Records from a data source
Start of Block

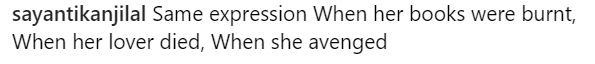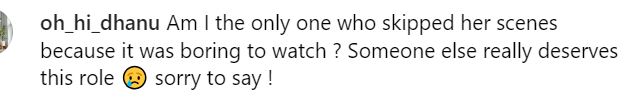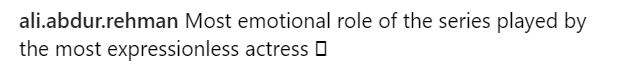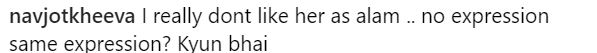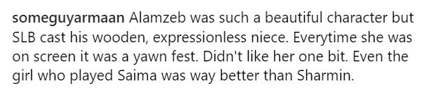 एक और यूजर ने कहा, "आलमजेब बहुत खूबसूरत कैरेक्टर है, लेकिन SLB ने लकड़ी जैसी एक्सप्रेशनलेस भांजी को कास्ट किया। जब भी यह कैरेक्टर स्क्रीन पर होता तो मजा आ जाता, लेकिन मुझे यह बिल्कुल भी पसंद नहीं आईं। यहां तक कि साइमा का किरदार निभाने वाली लड़की भी शर्मिन से कहीं बेहतर थीं।" हर कोई शर्मिन को एक्सप्रेशनलेस कह रहा है।
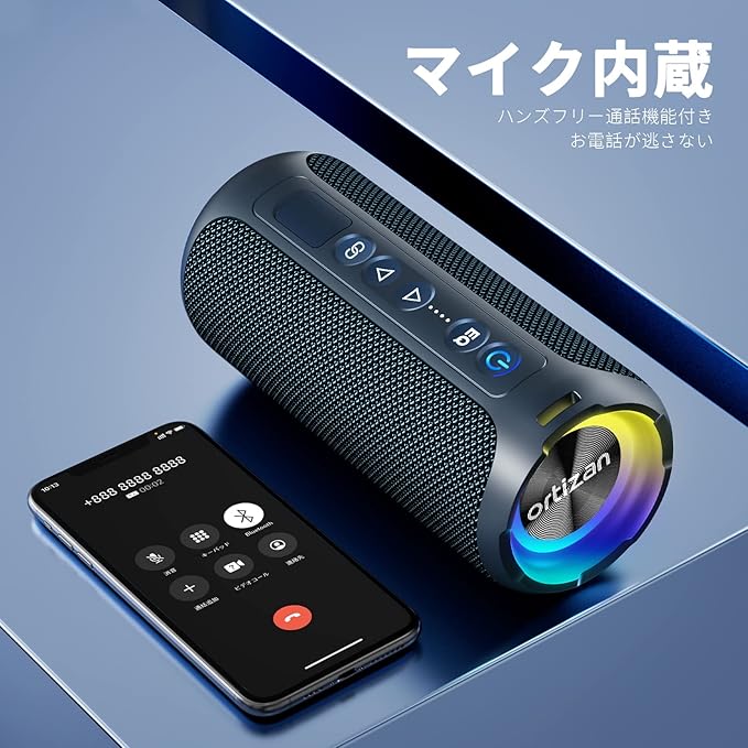Ortizan スピーカー bluetooth ワイヤレス 防水 IPX7 40W ブルートゥース 30時間 連続再生 マイク 内蔵 RGB LEDライト付き pc パソコン テレビ 携帯 車載 ハンズフリー通話機能 TWS対応 sdカード TFカード/AUX 接続 入力対応
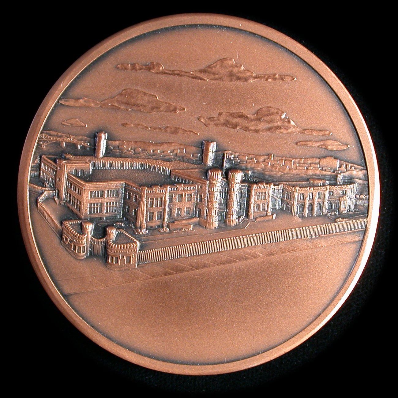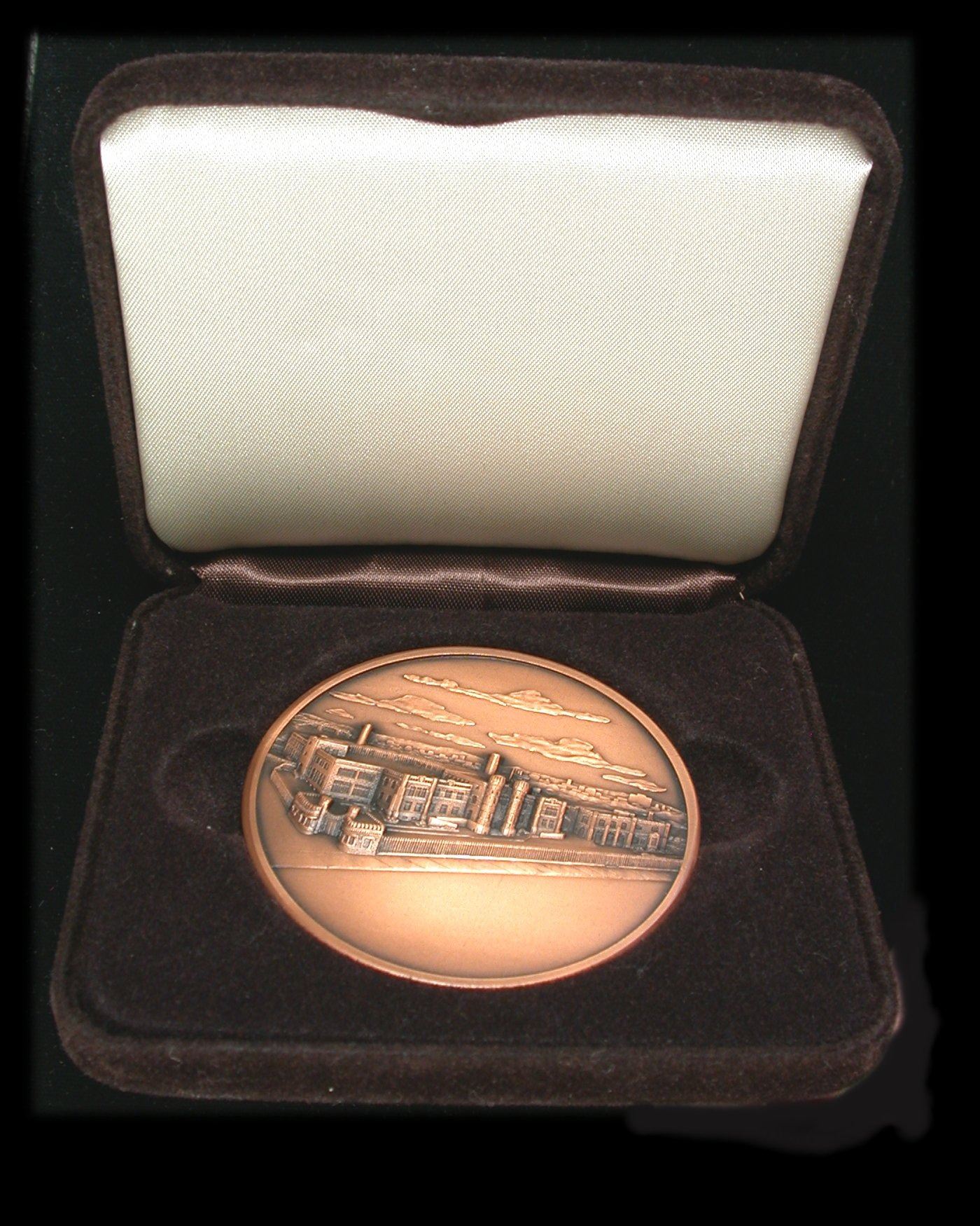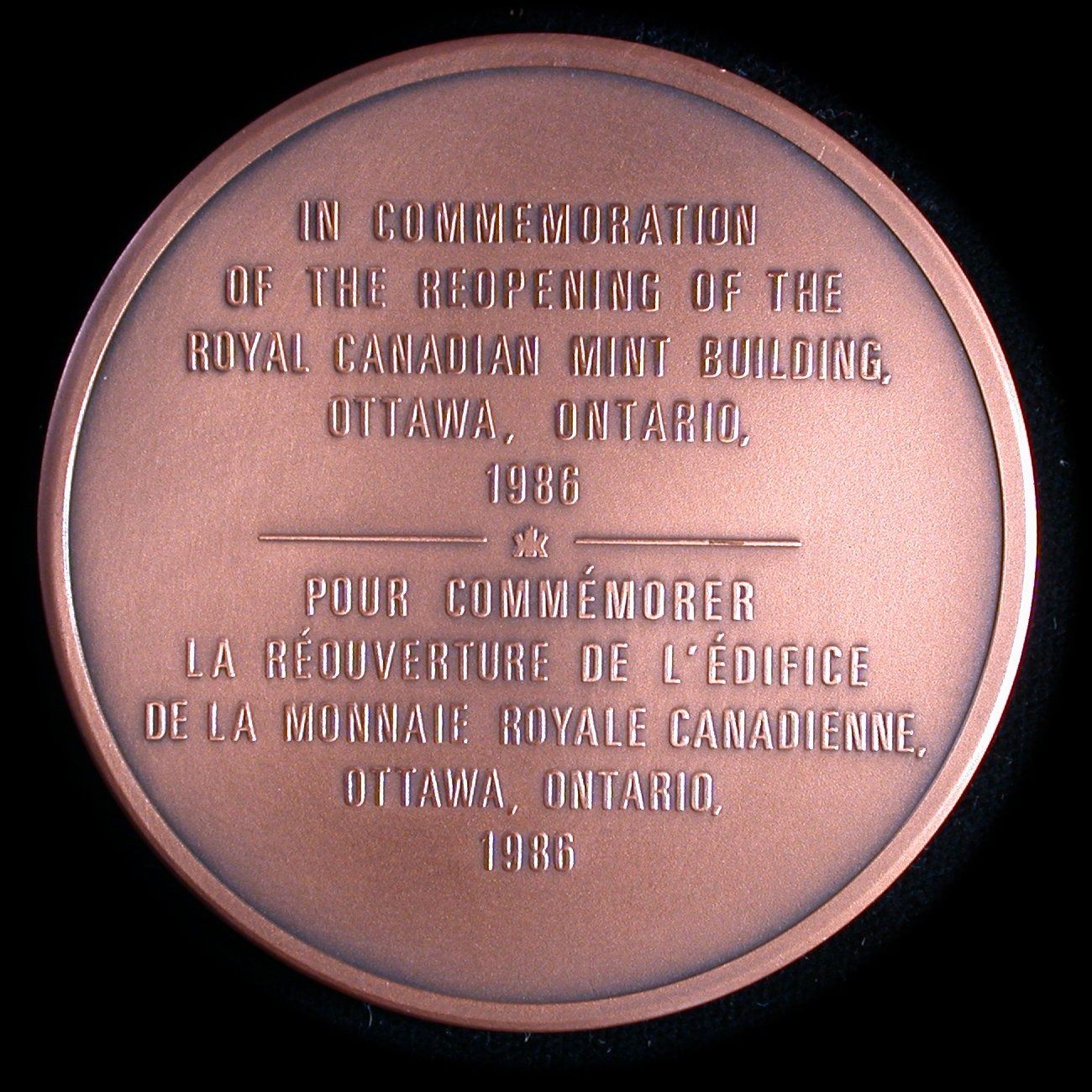 A 60mm, 121.9 antiqued bronze medal, issued by the Royal Canadian Mint to commemorate the 1986 reopening of their main Ottawa facility. In original brown box of issue, and believed issued to RCM staff, and not for general sale to the public
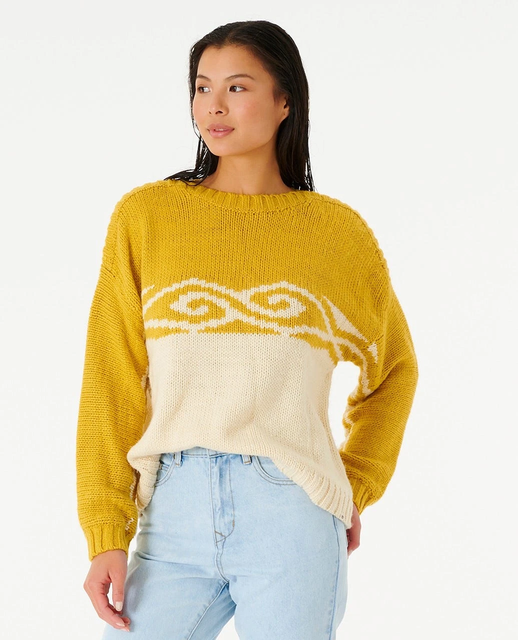 The Cosmic ll Sweater is a rad wintry pullover knit featuring intarsia design, thick ribbed cuffs, hem and neck, and iconic cosmic kiss pattern. Designed in a relaxed fit for that slightly looser width and casual vibe.
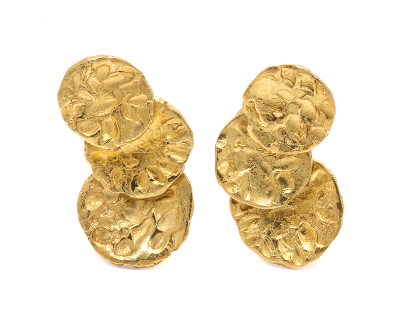 A Pair of Modernist Brutalist 18 Karat Yellow Gold Earclips, British, Circa 1978,
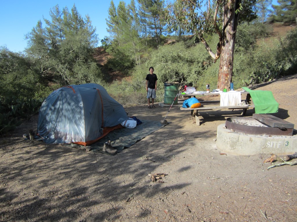 المخيم بحد ذاته موقع تخييم صغير وجميل يقع بين أشجار ظليلة في أعالي كاتالينا. يحتوي كل موقع تخييم على طاولة نزهة، وهو قريب من صنبور ماء. توجد مراحيض خارجية نظيفة ومُعتنى بها جيدًا. لم تكن هناك سوى مجموعة أخرى من المخيمين عند وصولنا. لاحظتُ ثعلبًا من جزيرة كاتالينا، في مكانٍ واضح، يتسكع حول مخيمهم، باحثًا بوضوح عن فرصة للسرقة أو الحصول على بعض الطعام.
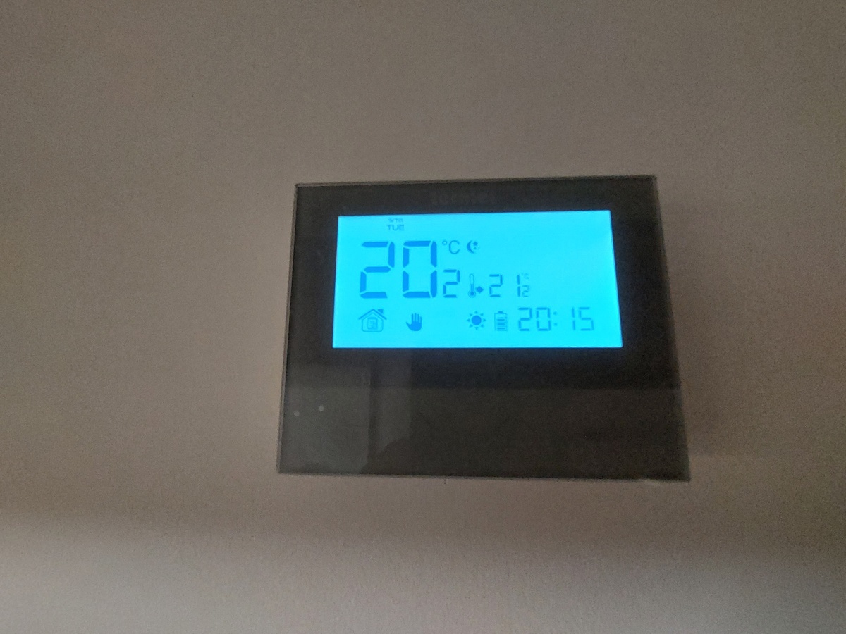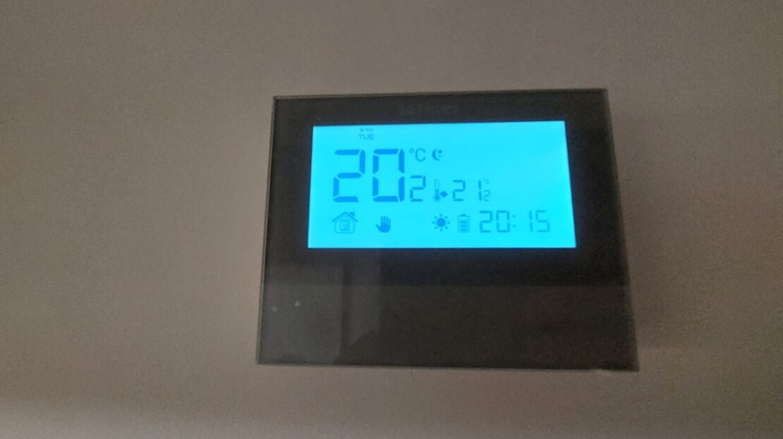– kocioł kondensacyjny Junkers wraz z panelem sterującym i czujnikiem temperatury w pokoju

End of Block

*THE TASK*.
Copy every record verbatim while leaving each picture out.

*ANSWER TO THIS TASK*.
 एक और यूजर ने कहा, "आलमजेब बहुत खूबसूरत कैरेक्टर है, लेकिन SLB ने लकड़ी जैसी एक्सप्रेशनलेस भांजी को कास्ट किया। जब भी यह कैरेक्टर स्क्रीन पर होता तो मजा आ जाता, लेकिन मुझे यह बिल्कुल भी पसंद नहीं आईं। यहां तक कि साइमा का किरदार निभाने वाली लड़की भी शर्मिन से कहीं बेहतर थीं।" हर कोई शर्मिन को एक्सप्रेशनलेस कह रहा है।
Ortizan スピーカー bluetooth ワイヤレス 防水 IPX7 40W ブルートゥース 30時間 連続再生 マイク 内蔵 RGB LEDライト付き pc パソコン テレビ 携帯 車載 ハンズフリー通話機能 TWS対応 sdカード TFカード/AUX 接続 入力対応
 A 60mm, 121.9 antiqued bronze medal, issued by the Royal Canadian Mint to commemorate the 1986 reopening of their main Ottawa facility. In original brown box of issue, and believed issued to RCM staff, and not for general sale to the public
 The Cosmic ll Sweater is a rad wintry pullover knit featuring intarsia design, thick ribbed cuffs, hem and neck, and iconic cosmic kiss pattern. Designed in a relaxed fit for that slightly looser width and casual vibe.
 A Pair of Modernist Brutalist 18 Karat Yellow Gold Earclips, British, Circa 1978,
 المخيم بحد ذاته موقع تخييم صغير وجميل يقع بين أشجار ظليلة في أعالي كاتالينا. يحتوي كل موقع تخييم على طاولة نزهة، وهو قريب من صنبور ماء. توجد مراحيض خارجية نظيفة ومُعتنى بها جيدًا. لم تكن هناك سوى مجموعة أخرى من المخيمين عند وصولنا. لاحظتُ ثعلبًا من جزيرة كاتالينا، في مكانٍ واضح، يتسكع حول مخيمهم، باحثًا بوضوح عن فرصة للسرقة أو الحصول على بعض الطعام.
– kocioł kondensacyjny Junkers wraz z panelem sterującym i czujnikiem temperatury w pokoju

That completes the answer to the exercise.